In 2008, many stock market investors lost their shirts as stock prices went down and down. Fortunately, however, I was not one of them because I had placed my money in gold stocks. Back in 2005, my broker had advised me to buy several stocks that he strongly recommended but I had told him, “No, I want to buy gold.” I swear, my broker almost laughed at such unheard-of foolishness on my part. But he, to his credit, did manage to humor me and dug up some cheap gold stocks in Canada for me to buy.

So who got the last laugh? It was me. My “cheap gold stocks” paid off at a fabulous rate. And my broker’s stocks? Not so much. In fact, by 2009 I think that he wished that he had taken my advice instead of his own.

But I was lucky. Or smart. Or whatever. I knew that the stock-market bubble that had gone on for so long couldn’t last very much longer. But with gold, you always have a sure thing.

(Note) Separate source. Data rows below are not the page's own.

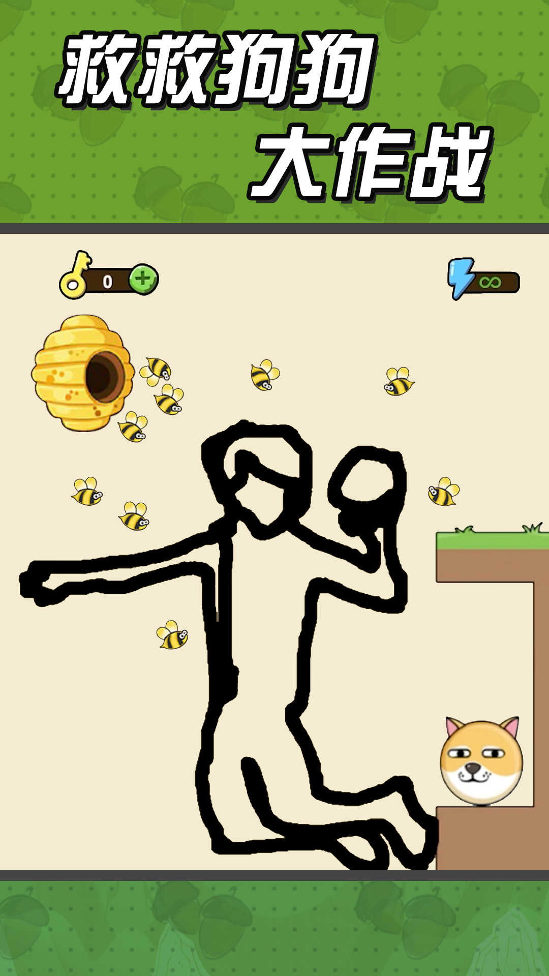 The poor dog is about to be attacked by bees, and the dog's head is trapped by a honeycomb at the moment of the attack, you need to use your imagination to draw a line to rescue it, go!go!go!
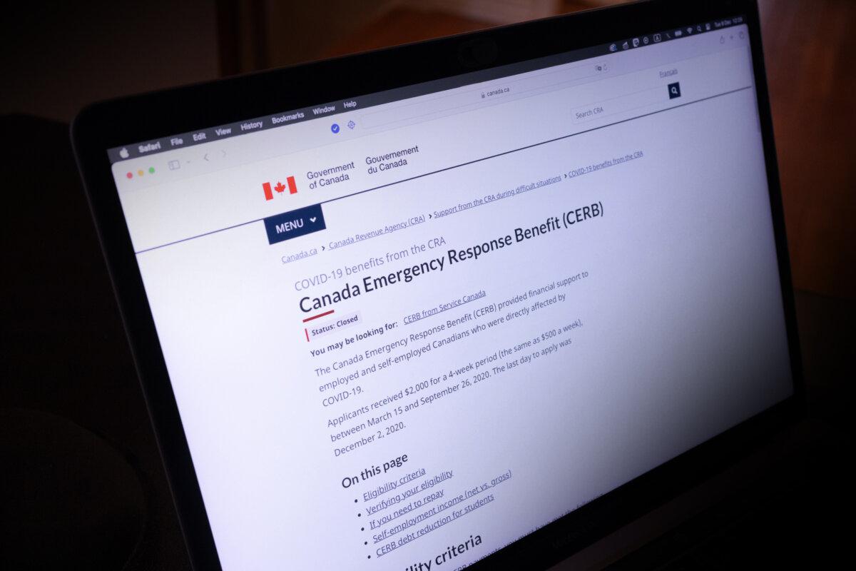 The landing page for the Canada Emergency Response Benefit is seen in Toronto, Dec. 9, 2025. Screenshot by The Epoch Times
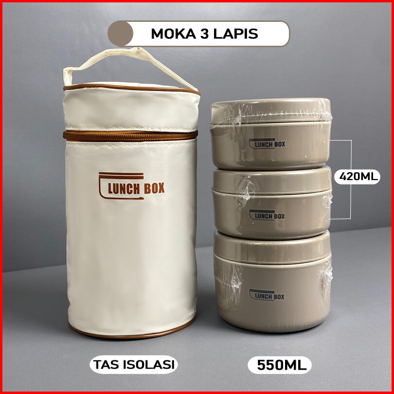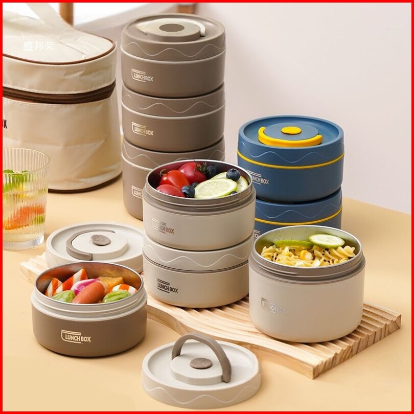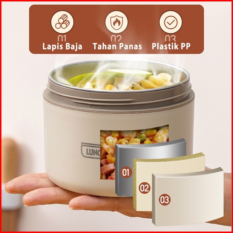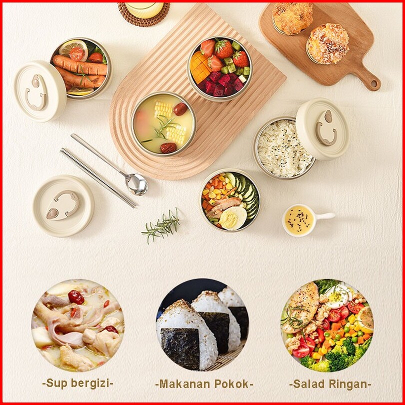 1 Set Kotak Makan Siang Stainlees Steel Tahan Panas Desain Elegan Termos Sup Makanan Bekal Nasi Tahan Panas Dan Dingin
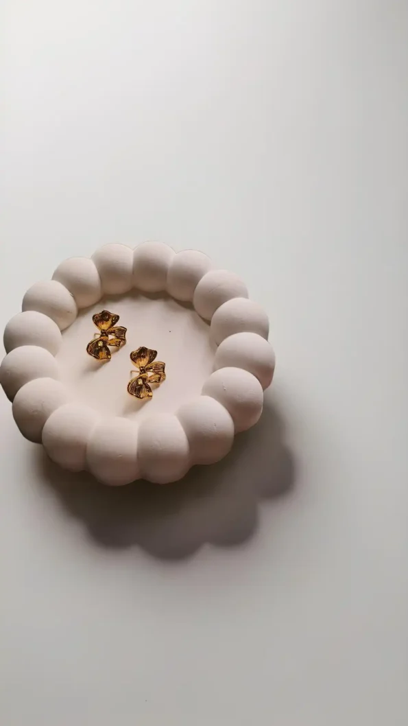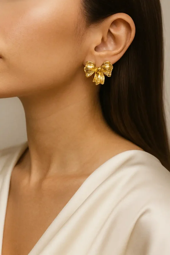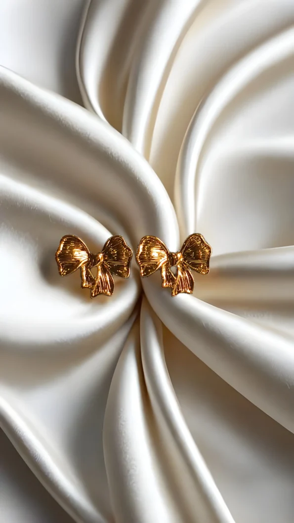 Golden bow studs with a playful shine.
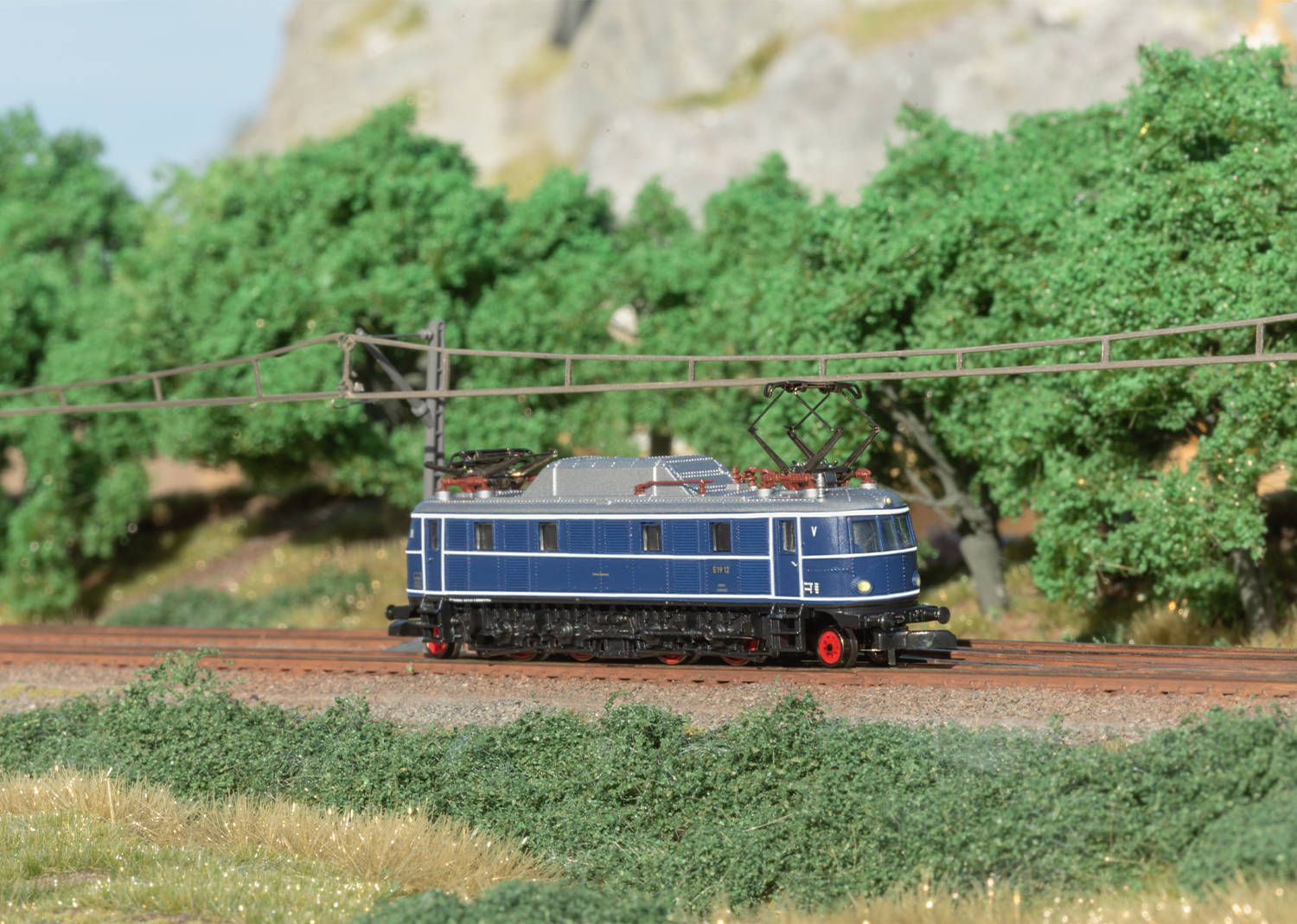 Modell: Ausgerüstet mit Glockenankermotor. Elektrische Oberleitungsfunktion. Feine Farbgebung und Beschriftung. Alle Treibachsen angetrieben. 3-Licht-Spitzensignal mit der Fahrtrichtung wechselnd. Spitzenbeleuchtung mit wartungsfreien, warmweissen LEDs. Länge über Puffer ca. 76 mm. Verpackt in einer edlen Echtholzbox. Vorbild: Museumslokomotive E 19 in kobaltblauer Grundfarbgebung im Zustand der Epoche IVb um 1977. E 19 – ein wahrlich klangvoller Name aus der ruhmreichen Geschichte der Deutschen Eisenbahn. Diese Bezeichnung steht für die einstmals leistungsfähigste Einrahmenlokomotive der Welt. Vier Exemplare dieser Baureihe ließ die Deutsche Reichsbahn kurz vor dem Zweiten Weltkrieg bauen. Die eleganten und formschönen Loks glänzten mit Superlativen: Höchstgeschwindigkeit 180 km/h (konstruktiv für 225 km/h ausgelegt), rund 5400 PS Stundenleistung und eine Anfahrzugkraft von über 200 Kilonewton (die schnelle Dampflokreihe 05 brachte es auf 110 bzw. 137 Kilonewton). Die E 19 sollte eine neue Epoche auf der elektrifizierten Magistrale Berlin – Frankenwald – Halle – Berlin einläuten. Obwohl sich die vier Probeloks sehr gut bewährten, unterblieb wegen des Kriegs ein Serienbau. Die Deutschen hatten andere Sorgen als in superschnellen Zügen durch die Lande zu rauschen.Alle vier E 19 kamen nach Kriegsende zur Bundesbahn, die die Höchstgeschwindigkeit auf 140 km/h beschränkte und die einstigen Starloks in Nürnberg und Hagen in normalen Schnell-, Eil- und sogar Personenzugdiensten einsetzte. Zwischen 1975 und 1978 schieden sie mit einer Gesamtlaufleistung von teilweise rund 4 Millionen Kilometern aus dem Betriebsdienst aus. E 19 12 wurde bereits 1977 vom AW München-Freimann restauriert und in den frühen blauen Bundesbahnzustand (Epoche IIIa) zurückversetzt. Erst nach dem Jubiläum 150 Jahre Deutsche Eisenbahn (1985) erhielt sie die rote Ursprungslackierung. Heute gehört E 19 12 zum DB-Museum Standort Koblenz. E 19 01 kann – ebenfalls in Rot - im Technikmuseum Berlin bewundert werden. Die beiden anderen äEdelhirsche“ E 19 02 und 11 wurden dagegen nach der Ausmusterung verschrottet.
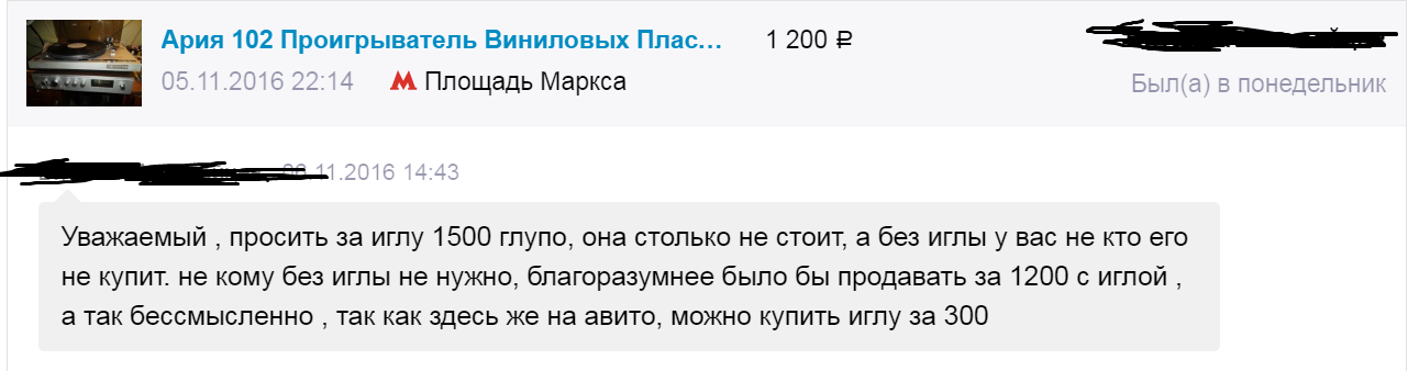 А бывают и ЛС с угрозами типа убери с продажи или ...., или поставь цену больше моей и не борзей.
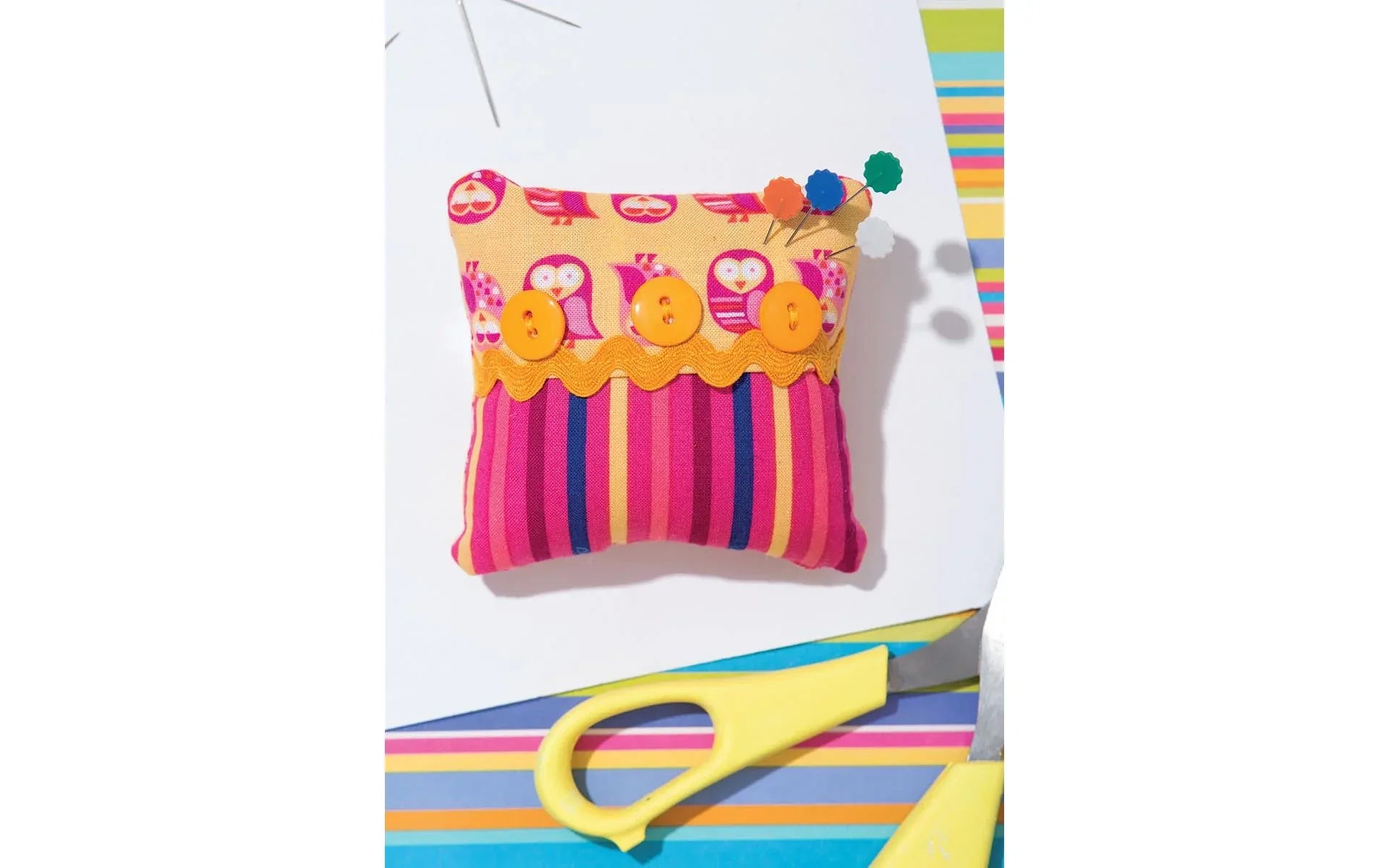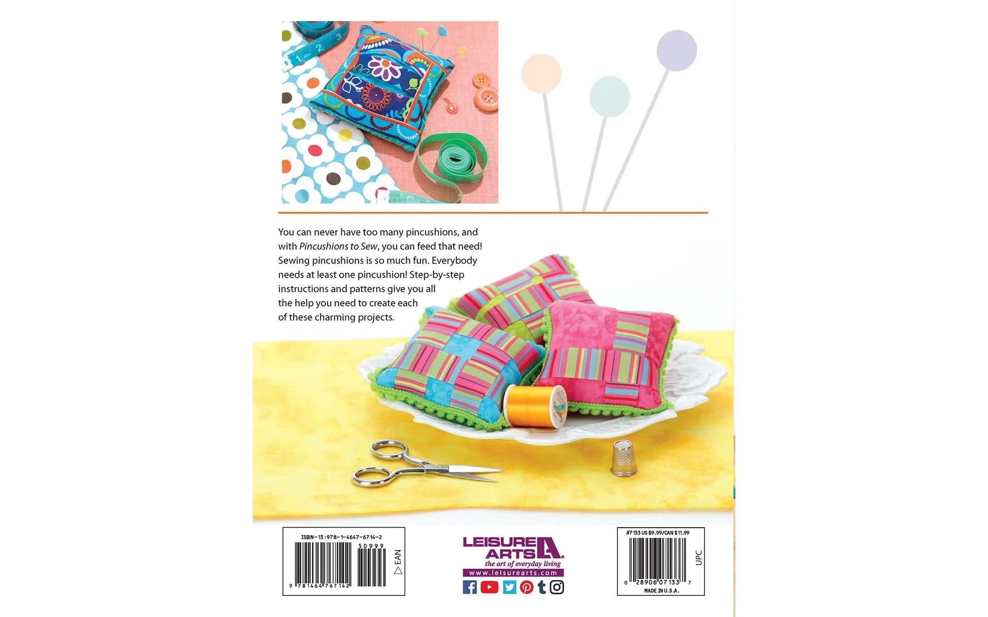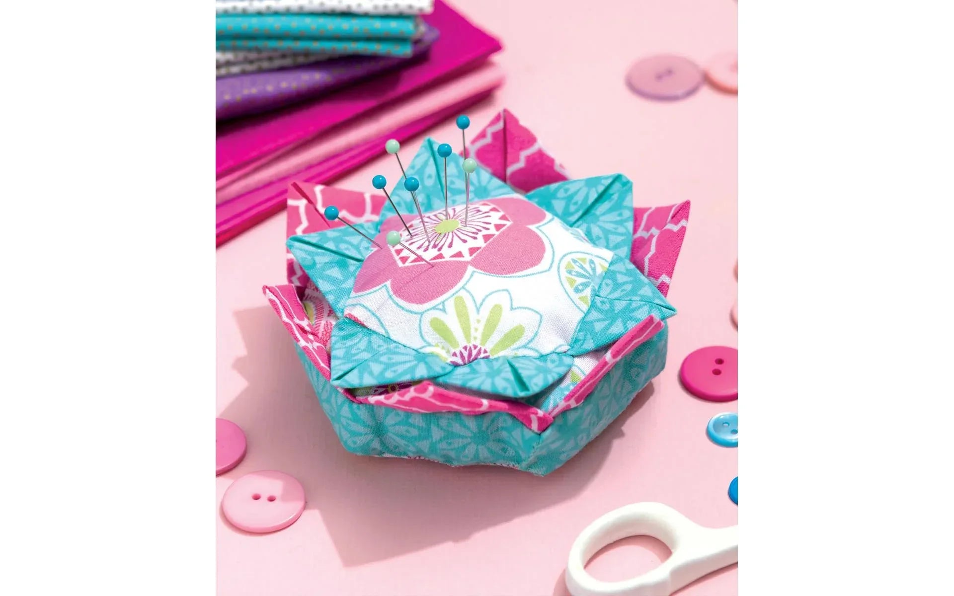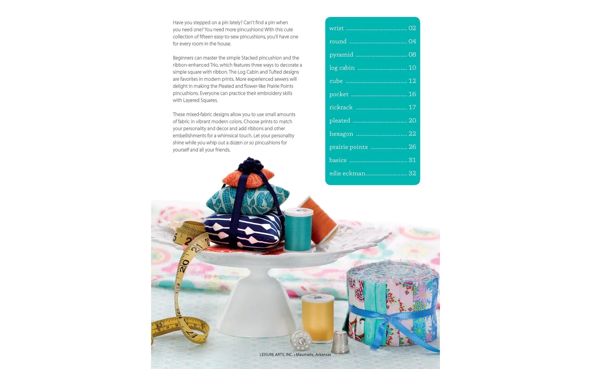 You can never have too many pincushions. Beginners can master the stacked pincushion and the trim-enhanced trio, which features three ways to decorate a square with ribbon and mini ball fringe. The log cabin and tufted designs are favorites in modern prints. More experienced sewists will delight in making the pleated and flower-like prairie point pincushions. Practice simple embroidery skills with layered squares.
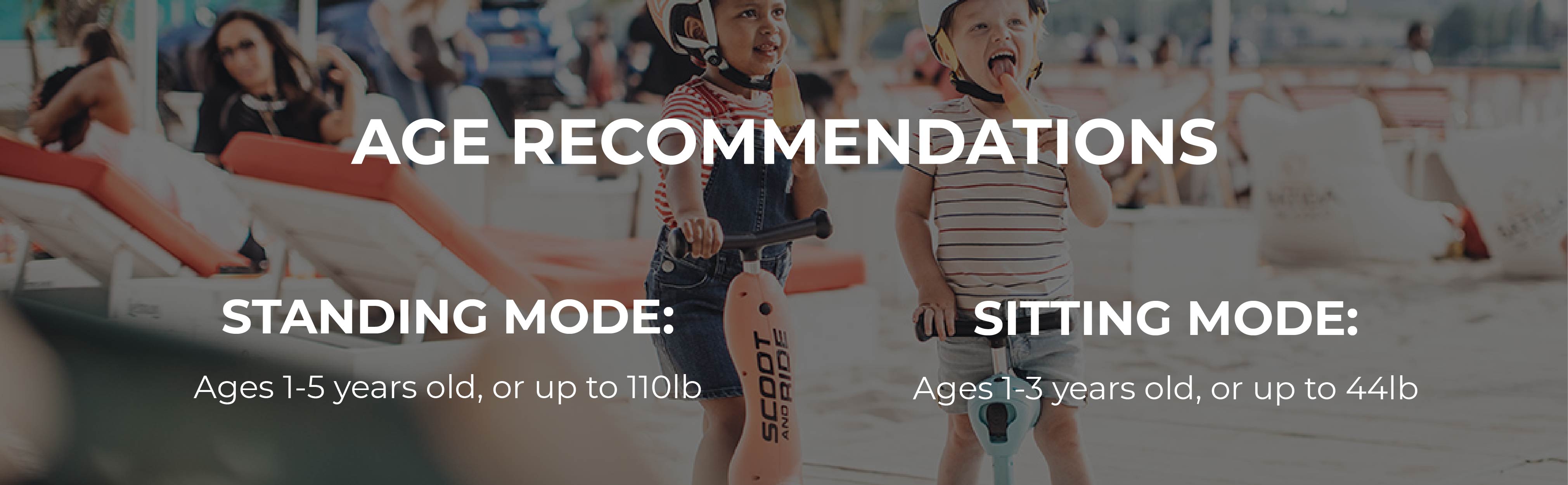 AGE RECOMMENDATIONS: sitting mode recommended for children between 1-3 years old, or up to 44lb. Standing mode recommended for children between 1-5 years old, or up to 110lb.
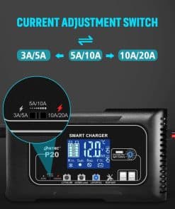 Cargador de batería de litio Dylannet 20Amp es un cargador de alta potencia que puede cargar rápidamente sin dañar la batería. Puede utilizarse en una variedad de vehículos, desde coches hasta barcos. Con protección y reparación de baterías automática, este cargador garantiza la vida útil de la batería. La función de carga de goteo mejorada detecta y repara las capas de sulfato y ácido, restaurando el rendimiento perdido de la batería y prolongando su vida útil. Con una pantalla LCD grande que muestra el estado de carga y de la batería, este cargador es fácil de usar. Además, viene con una garantía de calidad de 1 año y un servicio posventa las 24 horas.
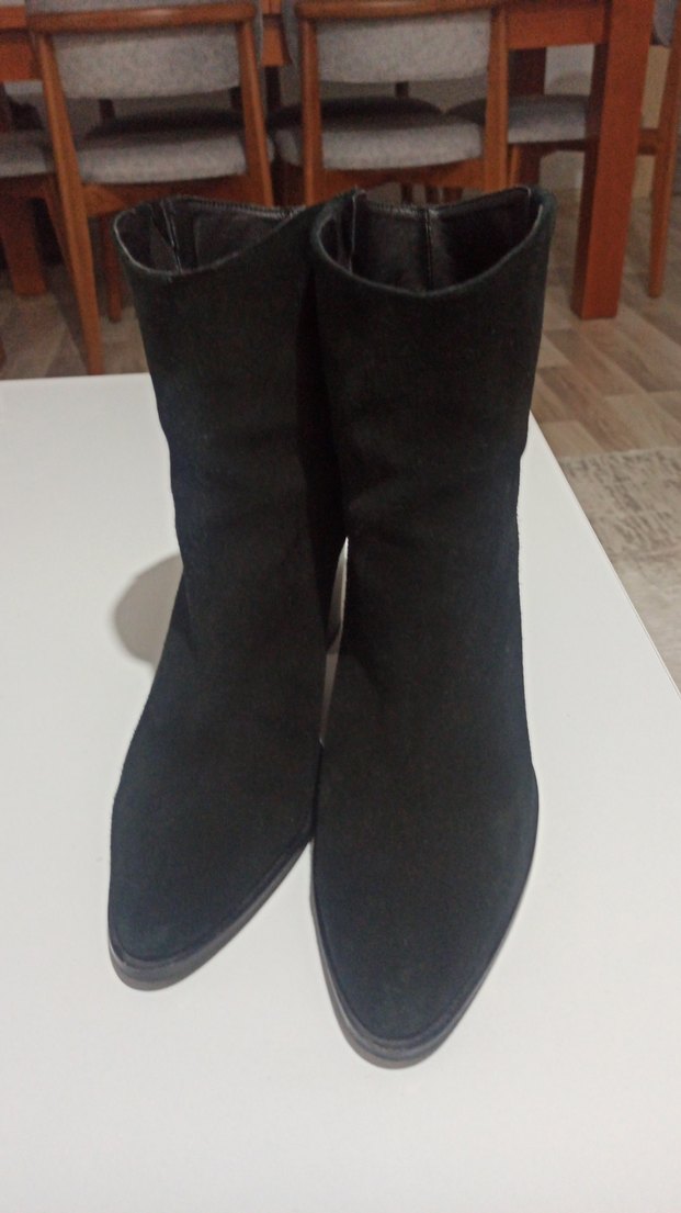 Siyah süet kadın botları, blok topuklu, minimalist ve gotik tarzda. Günlük kullanım için zahmetsiz şıklık sunar.

Something I read in one of those gold stock newsletters — not one that was involved in the “gold stock newsletters” scam but a legitimate one — featured an article that has stuck in my mind. It read, “No matter how expensive gold gets, it is always a good buy. Why? Because it never loses its comparative value. Even if gold should sink all the way back to $36 an ounce, its value will always remain constant. This means that the buying-power of gold never changes. It is always good — even if the buying power of the dollar sinks down to almost nothing. During a period of depression or inflation, you will still be able to buy things with gold.” And I’ve always kept that in mind.